Oui, oui, je comprends bien ta réponse, moi aussi j'ai déjà reçu des mails à mon nom ou des spams , mais là c'est pas le cas. je m'occupe d'un club photo, j'envoie régulièrement des infos à mes membres etc... mon nom n'est pas dans leur liste noire puisqu'avant d'être sur Mac (sur mail plus précisément) il n'y avait pas ce problème.  

Je pensais simplement que j'avais oublié de configurer quelque chose dans mail? mais apparemment cela n'a pas l'air d'être çà?  par contre les BAL  de mes amis sont particulièrement sensibles pour ne pas dire allergiques à mail si j'ai bien compris!?


----------



## pascalformac (22 Janvier 2010)

A mon avis la raison est là:


zum a dit:


> je m'occupe d'un club photo, j'envoie régulièrement des infos à mes membres etc...


il est TRES possible qu'un des pc soit verolé et fait circuler ton adresse vers un spammeur qui sert de cette adresse comme """"envoyeur""
( et les mauvais filtres antispam-nombreux-  ne  font pas le detail entre adresse apparente et réelle)

autre possibilité
Si TON adresse apparait en public 
(site , forums ou même , tract )
ca augmente les risques d'etre reprise par un robot



> mon nom n'est pas dans leur liste noire


Si justement
elle y est
quelque part

A quel niveau difficile à dire


> puisqu'avant d'être sur Mac (sur mail plus précisément) il n'y avait pas ce problème.


ce qui n'a pas forcement de lien




> Je pensais simplement que j'avais oublié de configurer quelque chose dans mail? mais apparemment cela n'a pas l'air d'être çà?


nonon , pas de souci de ce coté



> par contre les BAL  de mes amis sont particulièrement sensibles pour ne pas dire allergiques à mail si j'ai bien compris!?


non , pas à Mail
Allergiques à ton adresse 
ce qui est très different


----------



## Fmparis (22 Janvier 2010)

... ça peut arriver pour les plusieurs raisons déjà décrites plus haut ! A moi c'est arrivé quand j'ai changé l'hébergeur de mon adresse principale.
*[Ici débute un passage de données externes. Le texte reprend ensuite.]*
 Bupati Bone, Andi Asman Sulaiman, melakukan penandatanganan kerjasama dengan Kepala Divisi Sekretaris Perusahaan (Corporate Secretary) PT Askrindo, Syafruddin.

Mes mails à moi à même et quelques uns de mes amis allaient directement à la boîte "spam" même si à priori ils n'étaient pas en liste noir.  
Pour résoudre ton problème auprès de tes amis ... tu leur demande de mettre ton adresse en liste blanche.... et op... plus de problème. Bonne journée


----------



## PA5CAL (22 Janvier 2010)

pascalformac a dit:


> ( me proposant du viagra des logiciels etc)
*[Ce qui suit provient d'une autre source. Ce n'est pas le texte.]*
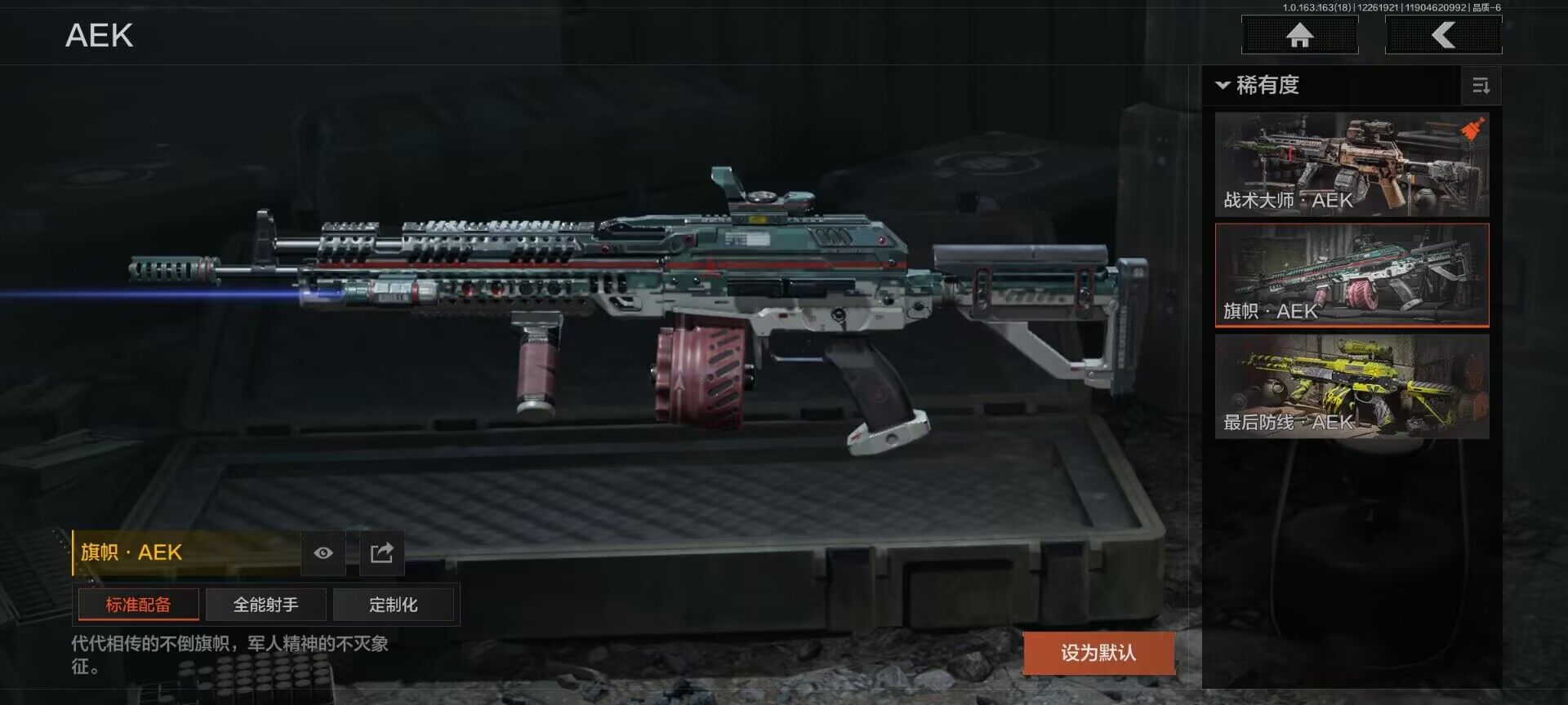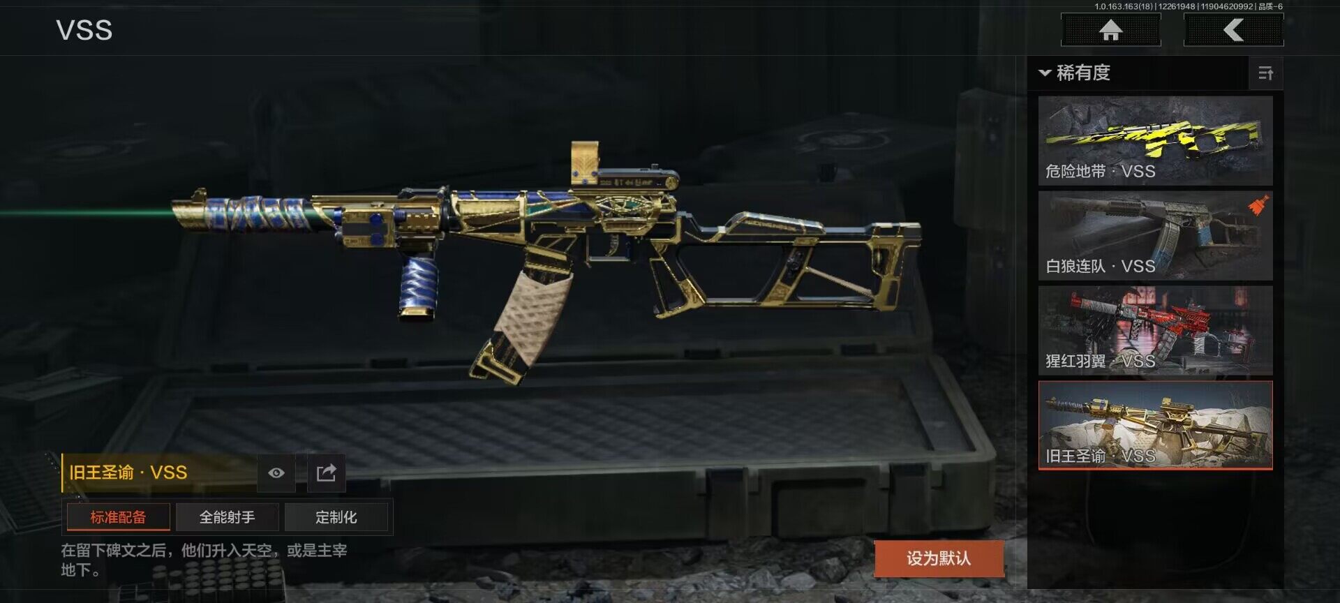 【AQD91】等级:30/段位:暗区传说/仓库价值(百万):15.6/柯恩币:126832/赢家匕首/苍穹利爪/收割者/使徒欧瑞恩/告丧夜曲AUG/告丧夜曲AR57/旗帜AEK/战术大师AEK/旧王圣谕QBZ191/利齿风暴MPX/旧王圣谕VSS/冥王

À ce propos, j'ai bien reçu ton mail...

J'en prendrai deux boîtes.


----------



## zum (22 Janvier 2010)

oui mais si je pose la question sur un forum mac, c'est justement parce que ce problème existe depuis que j'ai changé de système, pourquoi avant (outlook express) cela passait comme une lettre à la poste?  les gens n'ont rien changé à leur paramètres entre temps, donc j'en déduit qu'il y a forcément un rapport avec mail ? mais bon? ... ché pas moi ... j'essaie de comprendre.


----------



## pascalformac (22 Janvier 2010)

il n'y a aucune raison technique que ton logiciel de redaction Mac soit en cause

il y a aussi des coincidences dans la vie

d'ailleurs tu as un moyen très simple de voir ca de suite

tu envoyes aux mêmes gens un email   via ton adresse  mais  email rédigé en ligne
(et ce sera du spam)


----------



## r e m y (22 Janvier 2010)

Certains filtres anti-spam considère qu'un eMail comportant plus de x adresses de destinataires est assimilable à du spam.
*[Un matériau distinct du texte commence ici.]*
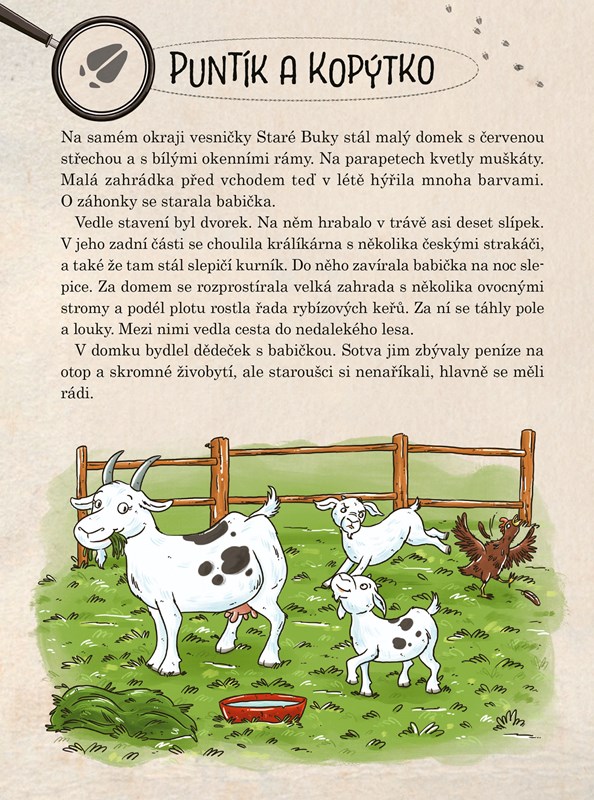 Pokud tě baví číst dobrodružné příběhy, máš rád zvířátka a jednou by ses chtěl/a stát třeba detektivem, vydej se prostřednictvím této knížky, spolu s chytrým lišákem Viktorem, po stopách zatoulaných kozlíků Puntíka a Kopýtka.
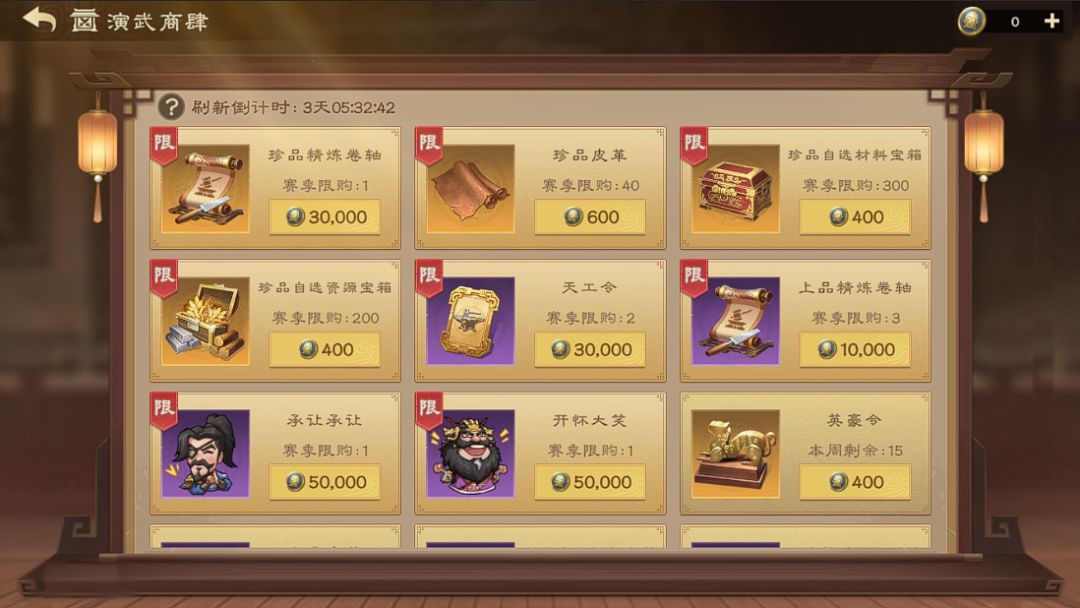 4、赛季 — “演武商肆”中将新增赛季限购商品天工令;

Comme tu gères un club, j'imagine que tu mets un grand nombre d'adresses eMail comme destinataires. Ca peut suffire à faire classer ce mail dans les Spams.


----------



## PA5CAL (22 Janvier 2010)

La désignation d'un message comme indésirable est du ressort du système du destinataire (incluant leur FAI).

Quelle qu'en soit la cause, il appartient à tes destinataires de déterminer la raison pour laquelle leur système tente de bloquer un message valide, et d'effectuer de nouveaux réglages pour faire disparaître le problème.

De ton côté, tout ce que tu pourrais faire, c'est éventuellement leur simplifier le travail en leur envoyant des messages dûment identifiés (afin d'exclure la possibilité de spam) avec des contenus différents afin qu'ils puissent faire des tests. À eux ensuite de se débrouiller pour que tes messages ne soient plus identifiés comme indésirables... au minimum en te reconnaissant comme expéditeur._EDIT: si tu fais des envois groupés, tu pourrais aussi suivre le conseil que donne pascalformac un peu plus bas. Ça aiderait un peu._

Vu d'une certaine façon, on n'est pas là pour régler des problèmes de logiciels sous Windows.


----------



## zum (22 Janvier 2010)

Oui, je pense aussi que mail n'est pas en cause finalement, car je pense qu'ici même des personnes confirmeraient ce que j'écris, mais bon, même s'il y a des coïncidences, il faut avouer que c'est un sacré coup du hasard !

Si le fait d'aller sur des forums ou autre peut provoquer ce genre de problème alors je suis dubitatif,  car le seul forum sur lequel je me suis inscris depuis que j'ai un Mac....c'est ici ....

allez , pas grave, je vais prévenir mes potes qu'ils ne me considèrent plus comme un indésirable !!


----------



## pascalformac (22 Janvier 2010)

Attends tu mélanges les choses

c'est pas le fait d'aller sur les forums qui provoque ce genre de chose
c'est le fait d'indiquer en public un email 
(les robots lisent le web)

quant à tes envois
effectivement si tu fais des envois groupé ET toutes adresses dans* A*
à l'arrivée ca peut etre vu comme spam
(très courant)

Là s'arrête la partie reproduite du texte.